The third and most important key? "Staying away from men," Gallan told the Daily Mail. "They're just more trouble than they're worth."
Gallan's ethics of self-care consist of a healthy, fiber-filled diet and a lifestyle free of men — or, at least, the shackles of matrimony. "I also made sure that I got plenty of exercise, eat a nice warm bowl of porridge every morning and have never gotten married."
Born before women's suffrage or any laws promoting gender equality, marriage bells would have been a veritable death-knell to Gallan's independent life. Working since the age of 13, Gallan likely would have been forced to give up her job to become a housewife and then a mother. While there's certainly nothing wrong with either, Gallan made the choice to value her independence over the limited options she would have faced as a woman in the early 20th century.
And she's not alone in this feeling: Some research suggests that married women are less happy than married men because they become the "emotional caretaker" of both their husband and their marriage.
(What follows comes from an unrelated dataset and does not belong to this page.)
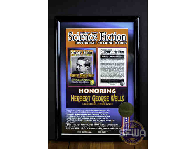 One of a kind framed print of the H.G. Wells trading card from The Walter Day Collection. This was the very first card released in this collection, which commemorates the history and culture of the science fiction genre as found in art, film, and literature. The print was presented on January 17, 2015 at Arcade Expo and is signed by Eric Tessler, Kenny Hardy, Mark Hoff, John Weeks, Billy Mitchell, Natalie Rossetti, Dave Danzara, Walter Day, Erin Cavanaugh, and Dan Cerny.

Gallan's comments sparked delight throughout social media, with some even satirically commenting that she is proof of "the health benefits of misandry." Or, dare we humbly suggest, the benefits of lesbianism? Regardless, Scotland's oldest living woman deserves to be celebrated for living a feminist life before the term was even mainstream, putting herself first no matter the societal pressures to do otherwise.